ZstdClassifier¶

Compression-based text classifier using Zstandard.

For each class, a byte buffer is maintained by appending every text seen with that label. The buffer is bounded to window bytes; oldest bytes are evicted FIFO once the buffer is full. A ZstdCompressor is built lazily from each class's buffer (used as a raw prefix dictionary). Classification scores a document by compressing it with every class's compressor; the class whose compressor produces the shortest output wins.

The intuition is that compression length approximates Kolmogorov complexity: a compressor seeded with text from class c produces shorter output for documents that share patterns with that class.

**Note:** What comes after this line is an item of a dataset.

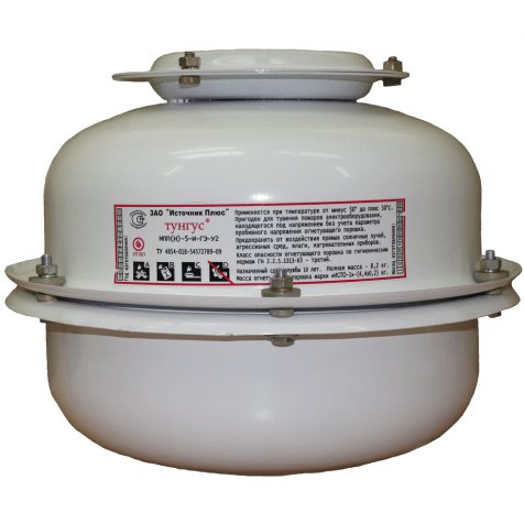 Модуль порошкового пожаротушения для тушения пожаров классов А, В, С и электрооборудования, находящегося под напряжением в комплекте с сигнально-пусковым устройством УСПАА-1 v5; вместимость корпуса 4.7 л, время действия 1 с, высота установки 1...6 м, защищаемая площадь до 78 кв.м; t-раб.-50...+50°С, 280х210 мм, 8.2 кг

This requires Python 3.14 or later (compression.zstd is only available there).

Parameters¶

window

Type → int

Default → 1000000

Maximum number of bytes kept per class. The oldest bytes are dropped once this is reached. Larger windows give the compressor more context at the cost of memory and slower compression.
level

Type → int

Default → 3

Zstandard compression level (1-22). Higher values compress more aggressively, which tends to sharpen classification but slows down both rebuilds and predictions.
rebuild_every

Type → int

Default → 5

Number of learn_one calls between compressor rebuilds for a given class. Rebuilding is a few tens of microseconds, but skipping rebuilds amortises the cost when many documents arrive in a row.
on

Type → str | None

Default → None

Name of the field in x that contains the text to classify. If None, x is either a str (used directly as text) or a feature dict (serialised in sorted-key order so the encoding is invariant to feature insertion order).

Attributes¶

buffers (dict[ClfTarget, bytearray])

The byte buffer accumulated per class.

Examples¶

import sys
if sys.version_info >= (3, 14):
    from river import misc

    model = misc.ZstdClassifier(window=4096, level=3, rebuild_every=1)

    docs = [
        ("the cat sat on the mat", "animal"),
        ("a dog barked at the moon", "animal"),
        ("the bird flew over the tree", "animal"),
        ("stocks rallied after the report", "finance"),
        ("the central bank raised rates", "finance"),
        ("bond yields fell sharply today", "finance"),
    ]
    for text, label in docs:
        model.learn_one(text, label)

    prediction = model.predict_one("the dog chased the cat")
else:
    prediction = "animal"
prediction

'animal'

Methods¶

learn_one

Update the model with a set of features x and a label y.

Parameters

x — str | dict[base.typing.FeatureName, Any]
y — base.typing.ClfTarget

predict_one

Predict the label of a set of features x.

Parameters

x — dict[base.typing.FeatureName, Any]
kwargs — Any

Returns

base.typing.ClfTarget | None: The predicted label.

predict_proba_one

Predict the probability of each label for a dictionary of features x.

Parameters

x — str | dict[base.typing.FeatureName, Any]
kwargs — Any

Returns

dict[base.typing.ClfTarget, float]: A dictionary that associates a probability which each label.

References¶

Zstd-based text classification